Un lontano giorno di diversi secoli fa, in un paese incastonato nel mezzo dell’Anatolia, accadde qualcosa che avrebbe dato il via ad una produzione assolutamente diversa e del tutto unica.

A İznik, vivace centro manifatturiero e commerciale, conosciuto ai tempi dei bizantini come Nicea, c’era la bottega di un vasaio, che nell’oscurità del suo laboratorio conservava con massima cura un oggetto di singolare bellezza. Quel grande vaso in ceramica fine non era suo, ma del Visir, che gliel’aveva portato perché ne riproducesse una copia quanto più simile possibile da donare al Sultano.

Dopo l’ennesimo tentativo fallito, dal forno uscì finalmente un vaso molto simile a quello con le delicate figure allungate che custodiva gelosamente.

Era nata la Ceramica di İznik.

 

“Faenza ottomana”

Ricostruzioni romanzate a parte, quello che è certo è che İznik ha rappresentato per la Turchia quanto Faenza è stata per l’Italia, un luogo di produzione di ceramiche diventate famose per la loro varietà e per il loro impiego negli sfarzosi palazzi reali di Istanbul.

Un esempio su tutti è il Topkapi, palazzo di rara bellezza affacciato sul Corno d’Oro, in cui si possono ammirare intere pareti in ceramica, piene dei bocci caratteristici della tradizione artistica ottomana.

Fortemente incrementata e sponsorizzata da Solimano il Magnifico, la ceramica di Iznik conobbe, sotto il suo patronato, il massimo della fioritura e dello sviluppo, distanziandosi sempre di più dai modelli orientali fino a conoscere un’espressione propria ed unica, riportata su pavimenti, pareti, vasi e suppellettili di ogni genere.

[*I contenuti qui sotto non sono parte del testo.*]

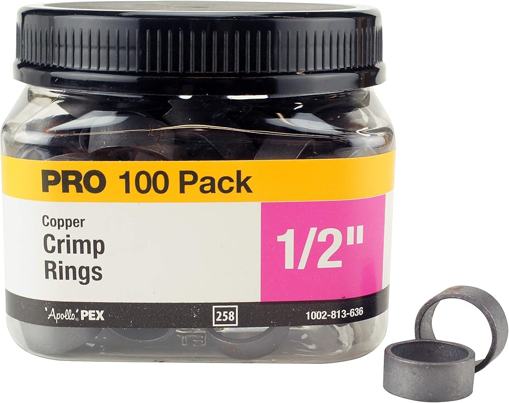 The ApolloPEX 1/2 in. Copper Crimp Ring (100-Pack) is simple to install and is designed for use with PEX pipe and barb fittings (not included). Made from copper for durability. Requires a crimping tool (sold separately). ApolloPEX fasteners are a key component of the most economical potable water piping systems. Also capable of integration into hydronic heating systems, ApolloPEX fasteners can be can be used with brass and plastic fittings, valves, and manifolds (all sold separately). The ApolloPEX system is a comprehensive piping system comprised of brass fittings, poly alloy fittings, manifolds, valves, fasteners, tools and tubing designed for implementation in water delivery systems, simple or complex.
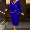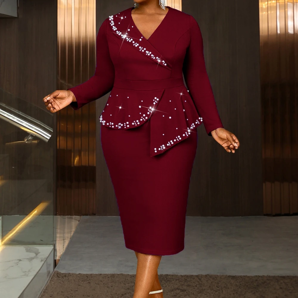 Fleepmart Plus Size Elegant Women Beaded Dress with Turn Down Collar Long Sleeve Peplum Package Hip Slim Evening Party Wedding Guest Gown
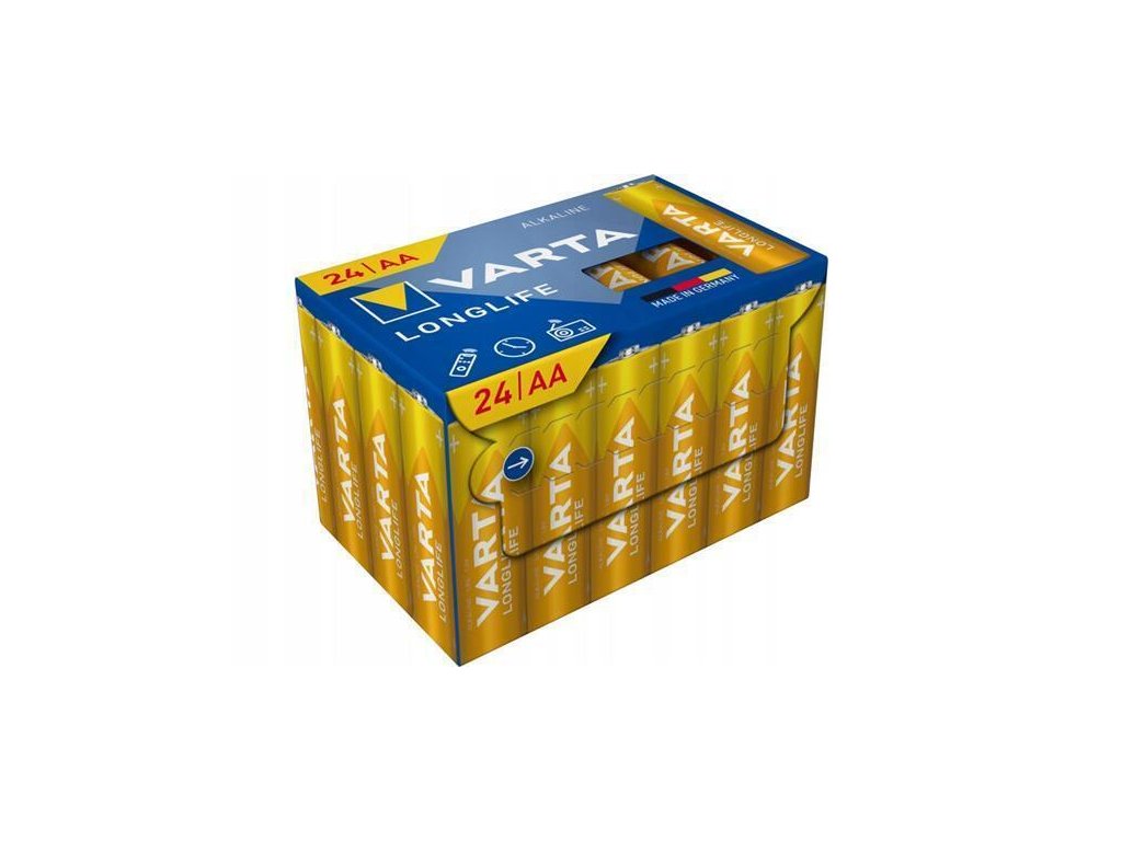 VARTA "Longlife" je baterie s dlouhou životností pro zařízení s nízkým odběrem.Energie s dlouhou životností pro zařízení s konstantní a nízkou spotřebou energie, např. dálkové ovladače pro TV a hudební systémy, nástěnné hodiny, rádia atd.Obal bez plastuVelikost baterie: AANorma IEC: LR6Napětí: 1,5 VChemické složení: AlkalickéBalení: 24 ksKontaktní informace výrobce/prvního distributora v EU:VARTA Consumer Batteries GmbH & Co.Alfred-Krupp-Str. 9, Ellwangen 73479, DEinfo@varta-household.comDoplňkové parametry

Col passare del tempo la gamma cromatica si ampliò, ed arrivò a comprendere toni che spaziavano dall’azzurro al verde fino ad accendersi di rari e luminosi arancioni.

 

Ceramica del Corno d’Oro

A partire dalla fine del seicento la produzione di questi oggetti si specializzò nella “Ceramica del Corno D’Oro”, così chiamata dal luogo d’origine dell’argilla che veniva inviata ad İznik per la lavorazione.

La decorazione di questo periodo si raffinò in sottili spirali concentriche ornate di foglie, che prendevano le mosse dallo stile calligrafico di corte, il Tughra, utilizzato per i monogrammi imperiali.

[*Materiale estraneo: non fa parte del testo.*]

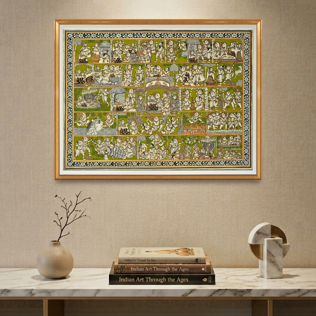 This green-themed Ramayan illustration captures the complete epic, starting from the Putrakameshti Yagya and the birth of the four princes. The narrative follows their education with Guru Vashistha, the slaying of Tadka, the redemption of Ahilya, and the Sita Swayamvar, leading into their exile and the abduction of Sita. Key sequences depict the battle with Bali, Hanuman's journey to Lanka, the burning of the city, the building of the Ram Setu, and the retrieval of the Sanjivani herb during the war. The artwork concludes with the defeat of Ravan and the return to Ayodhya, featuring the royal coronation (Pattabhishek) as the central focal point.
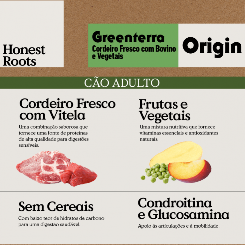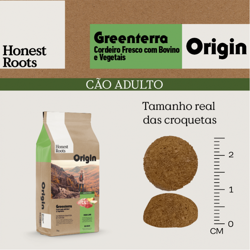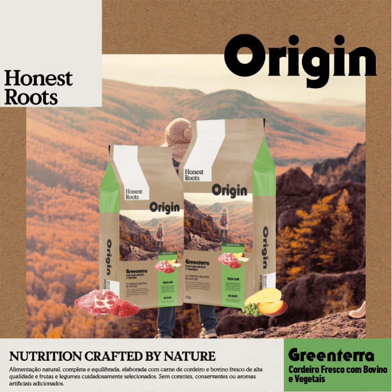 Feita com ingredientes selecionados e sem aditivos artificiais, Honest Roots Origin Greenterra é a ração natural para cães ideal para quem procura uma alimentação natural equilibrada, nutritiva e saborosa.
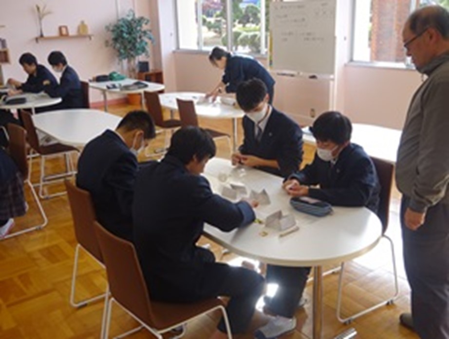 ボランティア委員会では、古切手やペットボトルキャップの回収など、身近なところからできるボランティア活動に取り組んでいます。この日は、回収したベルマークを集計し、台紙に貼り付ける作業を行いました。
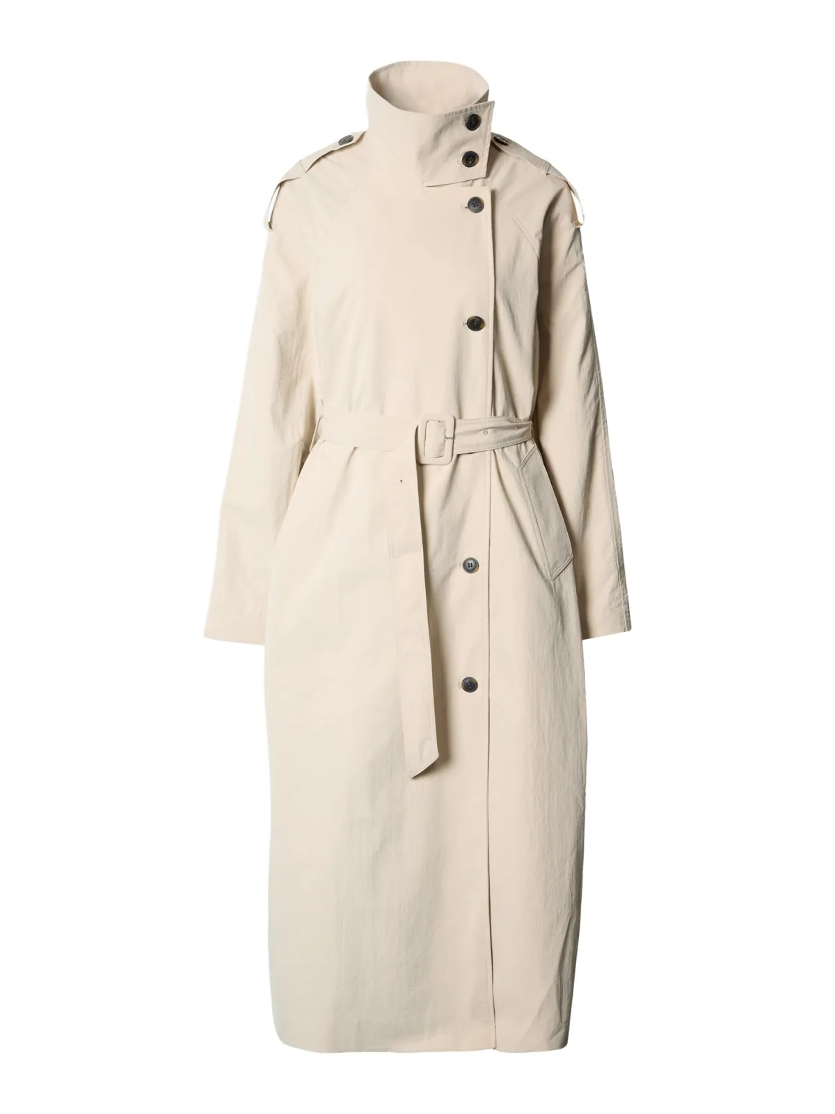 Type mantel: Trenchcoat; Design: Knop placket, Tailleriem; Type sluiting: Knoopsluiting; Voering: Licht gevoerd; Motief: Effen; Extra's: Pailletten, Op staal naden; Pasvorm: Normale pasvorm; Lengte: Normale lengte
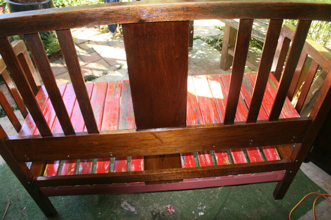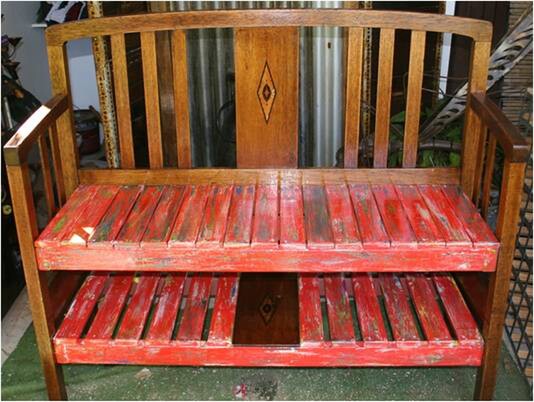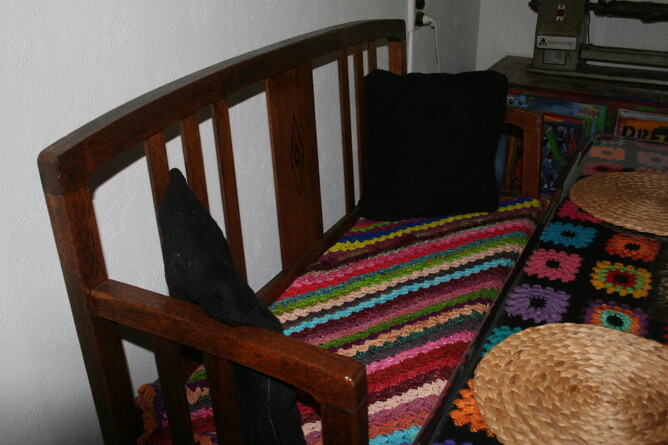 The long chair at my table, l made from an old double bed head and the bed slats, by directing simple beds you can really make some funky chairs, splash of paint and varnish and sensational bench chair for approximately $30. All l did was cut the foot bed head in half and attached them to the ends of the head bed head. Then created two platforms to fit the between measurements and screwed them into place. I added another mother knitted rug and some old cushions and a fun dining area.

La decisione di rivestire la maggior parte degli appartamenti personali del sultano con questo tipo di decorazione ceramica, in colori freddi, derivava dalla praticissima necessità di mantenere freschi gli interni del palazzo.

Pochi materiali sono stati in grado di conservarsi per secoli, senza alcuna alterazione, come queste piastrelle in ceramica, ornamento di palazzi e moschee del periodo Osmanico.

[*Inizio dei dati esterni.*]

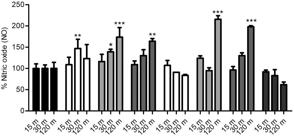 NO production by CHON-001 cells after exposure to local anesthetics for 120 min as measured by using a colorimetric Nitrite/Nitrate Assay kit. The bars represent the mean NO production after treatment with PBS vehicle as a control (black bars), bupivacaine (white bars, 0.25% left, 0.5% right), levobupivacaine (light-gray bars, 0.25% left, 0.5% right), ropivacaine (medium-gray bars, 0.25% left, 0.5% right), and 0.4 mM H2O2 (dark-gray bars, far right). *P < 0.05, **P < 0.01, and ***P < 0.001; error bars represent standard deviation; m, minutes; NO, nitric oxide
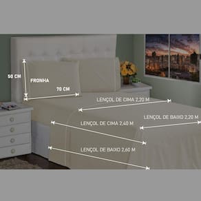 Motivos para Comprar- Jogo de Lençol Parcial ou Completo para sua Cama; - Deixa seu quarto completo; - Perfeito para presentear, pois se trata de um jogo de cama completo; - O material se mantém bonito por muito tempo, não amassa, seca mais rápido; - A qualidade e sofisticação que seu quarto merece; - Possui toque macio, tornando-o mais confortável. CaracterísticasItens Inclusos: 01 Sobre Lençol, 01 Lençol Ajustável 02 FronhasLargura e comprimento: 01 Sobre Lençol 2,60m x 2,40m01 Lençol Ajustável 1,98m x 1,58m x 40cm (Com Elástico)02 Fronhas 70cm x 50cmMarca: Casa Dona Modelo: Ponto PalitoTecido: Percal de Poliéster Quant. Fios: 400 FIOS Composição: 100% PoliésterCuidados na Lavagem- Não utilizar alvejante; - Ao lavar na máquina, usar programa ?delicado?; - Secar à sombra; - Passar com ferro a baixa temperatura; - Não lavar a seco.
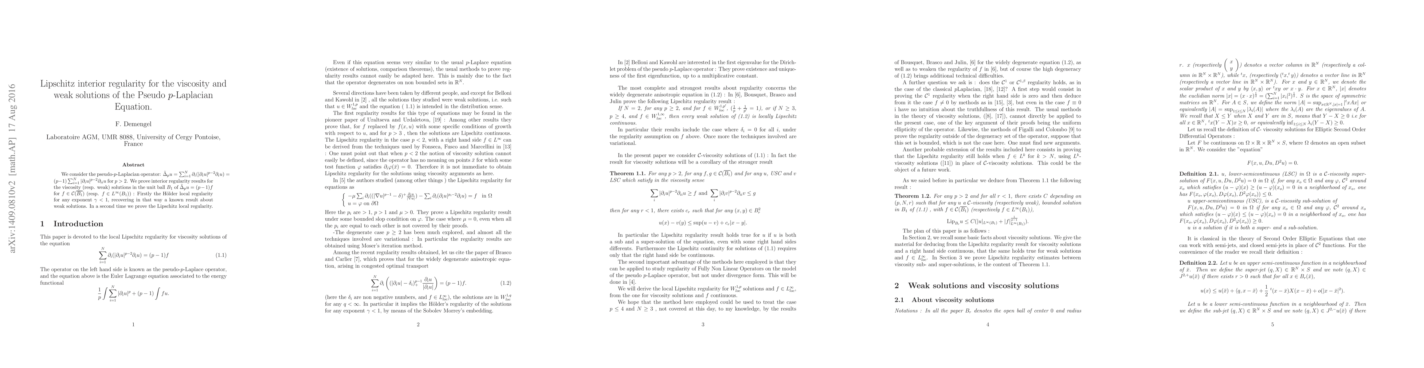 We prove interior Lipschitz regularity result for weak and viscosity solutions of the pseudo $p$Laplacien $(p-1)\sum_i |\partial_i u|^{p-2} \partial_{ii} u = f$ for $p>2$ and $f$ bounded.
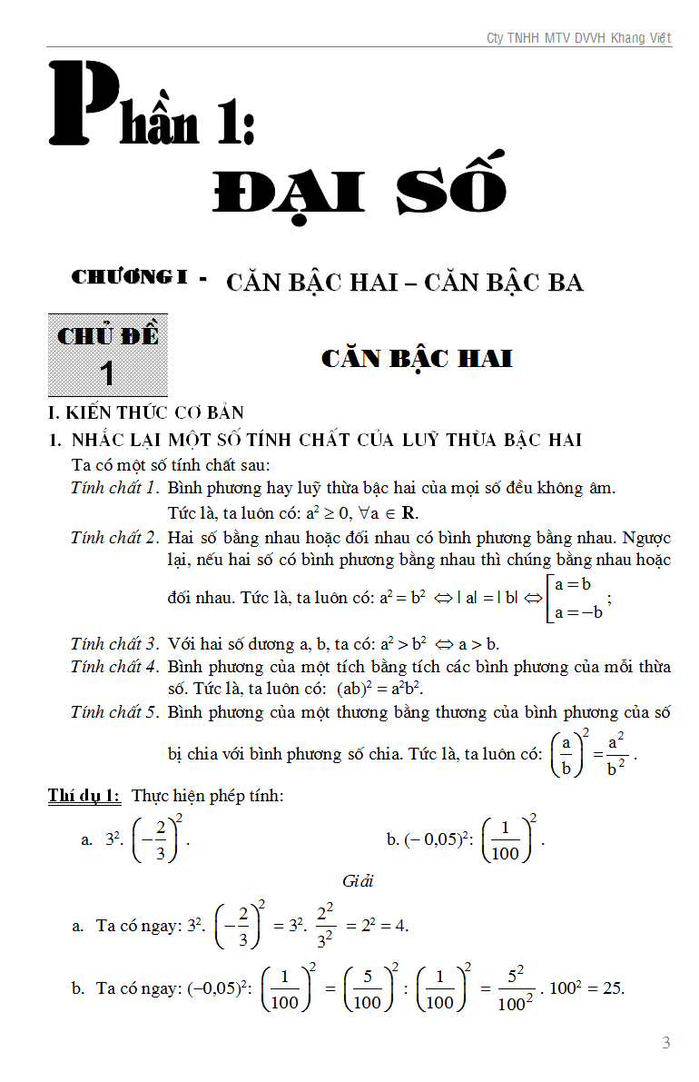 400 Bài Toán Cơ Bản Lớp 9 (Dùng Chung Cho Các Bộ SGK Hiện Hành) ĐẠI SỐ Chương I. CĂN BẬC HAI – CĂN BẬC BA I. Căn bậc hai II. Căn thức bậc

Tuttavia, dopo aver raggiunto la perfezione tecnica e formale, la scienza di questa produzione andò rapidamente perduta, finendo per quasi quattro secoli nell’oblio.

Per riportarla agli antichi fasti, la Fondazione İznik promuove oggi la ricerca e la sperimentazione, al fine di svelare le antiche tecniche di produzione e la misteriosa composizione del processo di lavorazione ceramica degli Osmani.

 

Il che vuol dire che, se avrete il desiderio di avere un pezzo simile in casa, dovrete per forza preparare le valige e fare un salto in Turchia. Progetto che, visto quanto detto, non ci pare affatto campato per aria!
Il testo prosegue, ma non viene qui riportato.